Week 6-7: Source Separation

Lectures: Discussing architectures for source separation and denoising with a focus on various models like Demucs, DCCRN, and others.
Seminars: Exploring practical aspects such as WienerFilter, streaming processing, and performance metrics.

Week 8: Audio-Visual Deep Learning

Lecture: Fusion of audio and visual data for enhanced applications like source separation and speech recognition.
Q&A Sessions: Covering project discussions, including creating intelligent voice assistants.

Projects and Assignments

The course includes practical homework and project opportunities:

Speech Recognition Model Training
Audio-Visual Speech Separation Model Training

Templates and detailed guidelines are provided to assist students in completing these tasks effectively.

Resources and Support

A dedicated YouTube playlist hosts lecture recordings, primarily in Russian, with some sections having English subtitles.
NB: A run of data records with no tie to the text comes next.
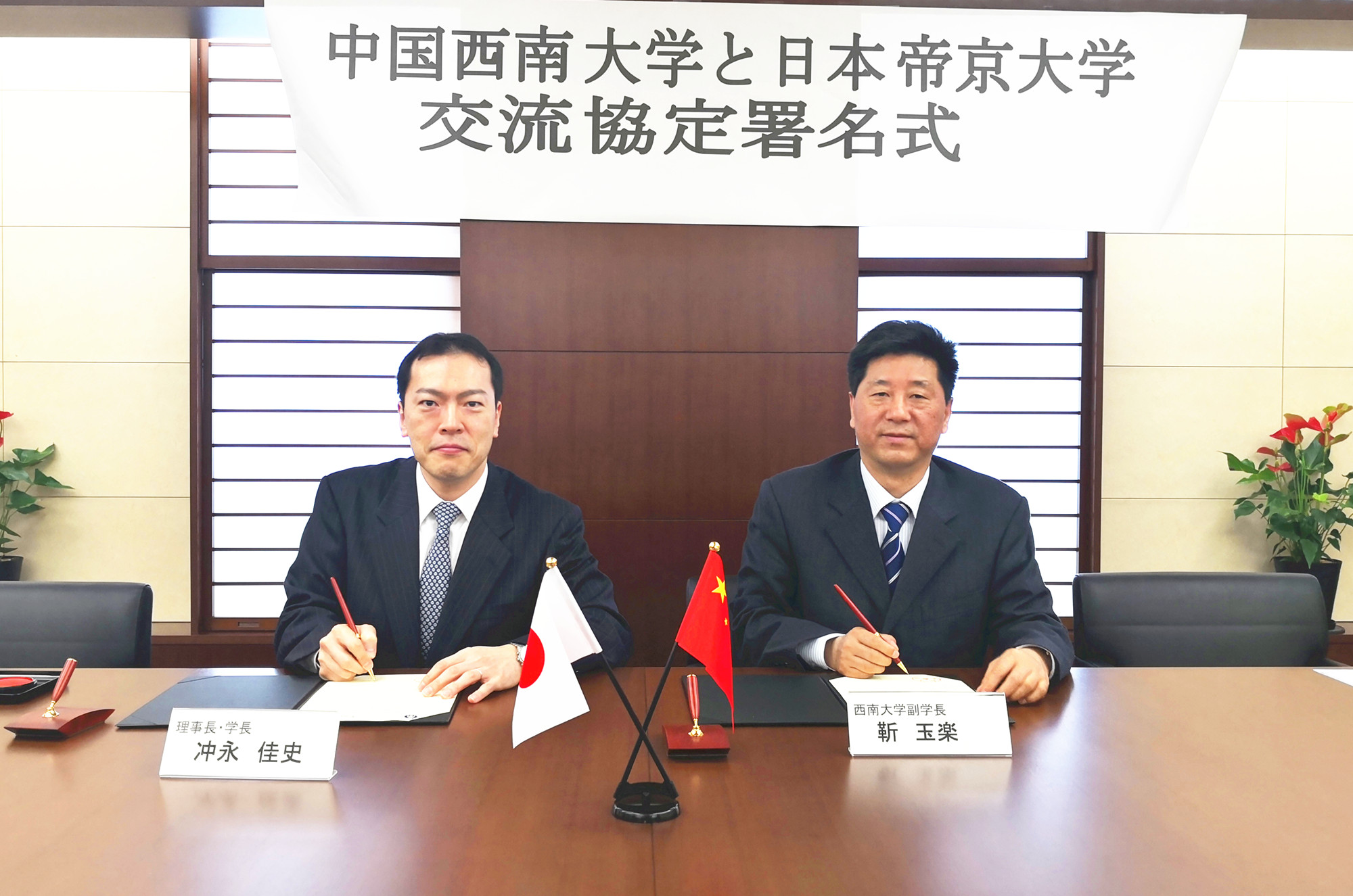 3月29日至30日,代表团访问日本帝京大学,与该校校长冲永佳史、理工学研究生院院长作田庄平教授、药学院院长栗原顺一教授、校办主任利根川丰等会谈。校长冲永佳史表示帝京大学将全力以赴与437ccm必赢国际官方网站开展广泛的国际交流与合作。靳校长代表学校邀请冲永校长访问学校,期待两校今后在生物科学等领域开展强强合作,进一步推动师生交流、合作科研、联合建立实验室等项目。随后,双方签订了校际合作协议,代表团还参观访问了该校药学院、理工学院等校区。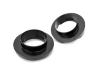 Rough Country 1.5 inch Leveling Coil Spacers 7599 for the 1999.2006 2WD Chevy Silverado and GMC Sierra 1500 pickup keeps your stock coil and factory ride quality while leveling out the front of your truck with the rear. Made of A36 Steel, this durable spacer kit is prepared to withstand the elements and the harshest of off-road hazards. The spacer kit allows enough ride height to run up to 32 inch tires.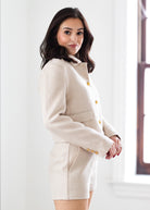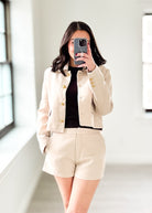 Meet the Uptown Shorts—your elevated neutral staple designed for chic, modern styling. Tailored with a clean, structured fit, these high-waisted shorts feature a smooth front, subtle texture, and a flattering silhouette that transitions effortlessly from day to night. Pair them with the matching Uptown Cropped Jacket for a sophisticated coordinated set, or style them with knits and blouses for endless versatility. Refined, timeless, and effortlessly polished—these shorts bring an uptown elegance to any outfit.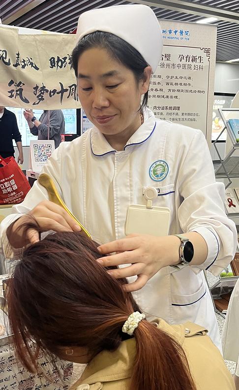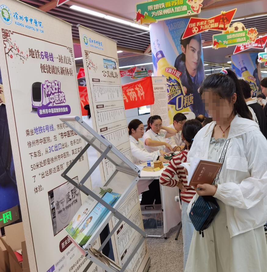 :金秋十月,举国同庆。为积极响应国家“服务百姓健康行动”号召,10月2日下午,徐州市中医院将特色鲜明的中医药健康服务送到了城市脉搏的中心——彭城广场地铁站。在这个双线交汇的都市枢纽,为往来市民,献上了一份特殊的“中医药健康礼”。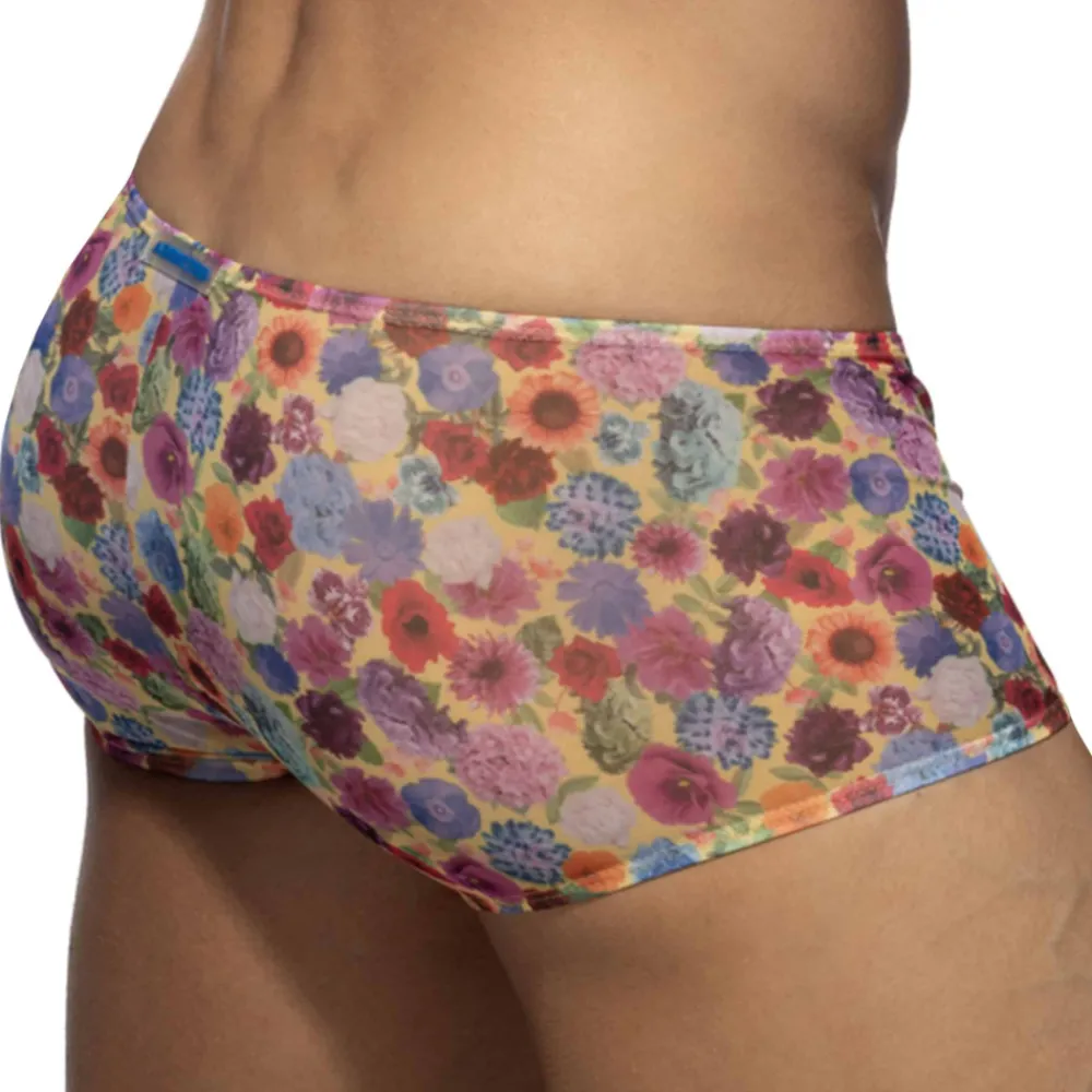 Shorty luxueux en résille imprimée d’un motif floral très coloré. Tissu fin, super extensible et totalement transparent. Coupe taille basse, minimaliste et très ajustée. Belle poche frontale non doublée. Etiquette Addicted en silicone à l’arrière.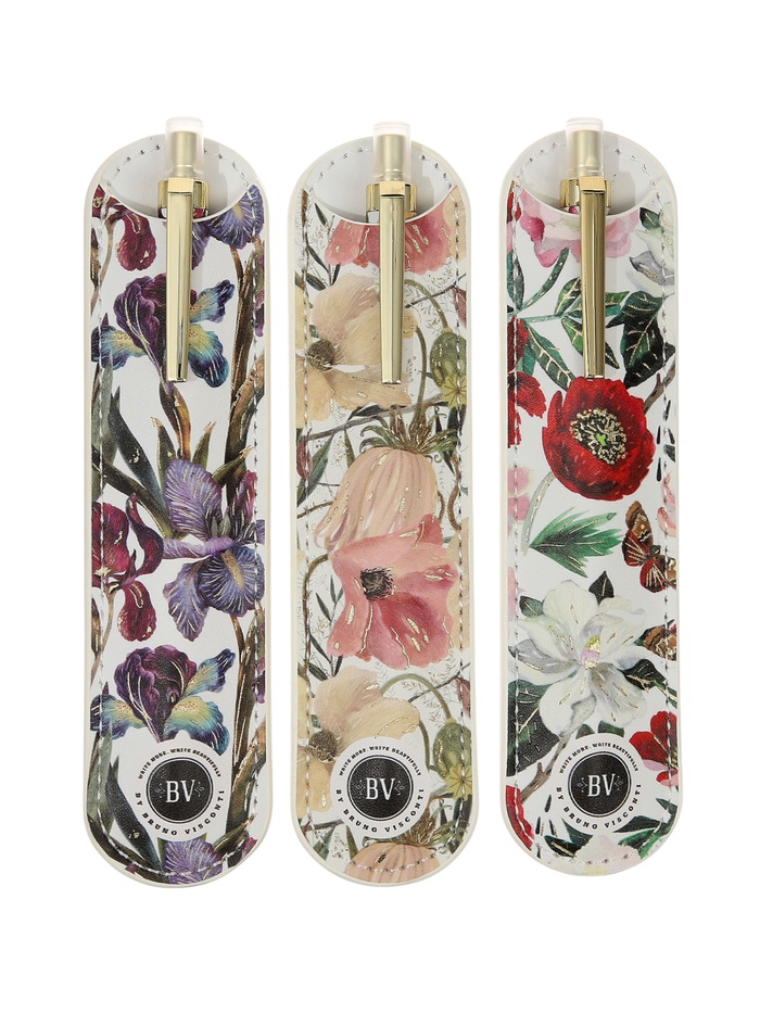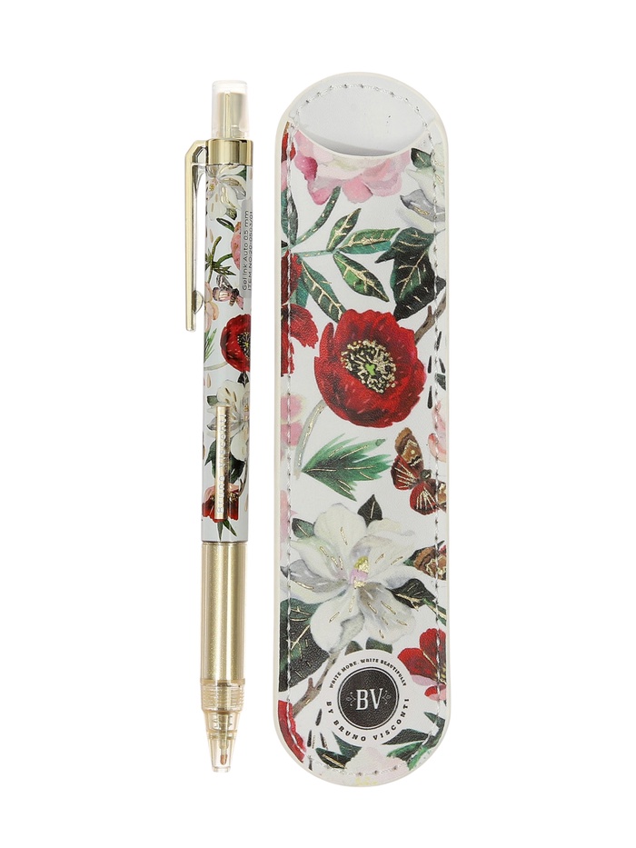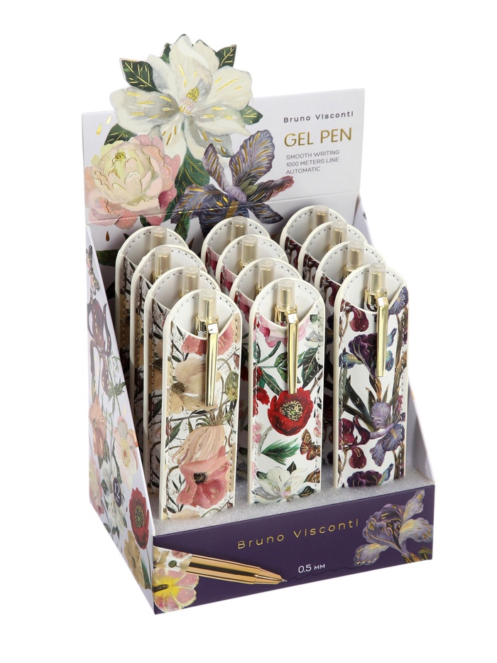 Ручка подарочная в чехле из экокожи гелевая BrunoVisconti: flowers, автоматическая, синяя, 0.5 мм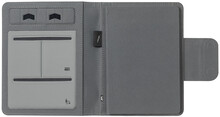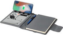 Polyesterová sloha na dokumenty A5 z 300D RPET se zápisníkem na 65 řádků, vestavěnou magnetickou bezdrátovou rychlonabíječkou (10W), power bankou 5000 mAh s portem pro nabíjení USB a skládacím držákem na mobil. Včetně samolepícího kovového kroužku pro použití magnetické funkce na jakémkoli bezdrátově nabíjecím zařízení. Včetně USB nabíjecího kabelu.

The materials have been developed by a skilled team of contributors over several years, providing deep insights and practical knowledge in the field.

Contributors

The course material has been prepared and delivered by a team of experts, including Maxim Kaledin, Petr Grinberg, Grigory Fedorov, and several others.

Access to Past Versions

Students can also review the content from previous years (2020-2023) for a broader perspective and understanding of the evolution of deep learning applications in audio processing.

The DLA course is an extensive exploration of the integration of deep learning with audio, preparing students for innovative applications and research in this rapidly growing field.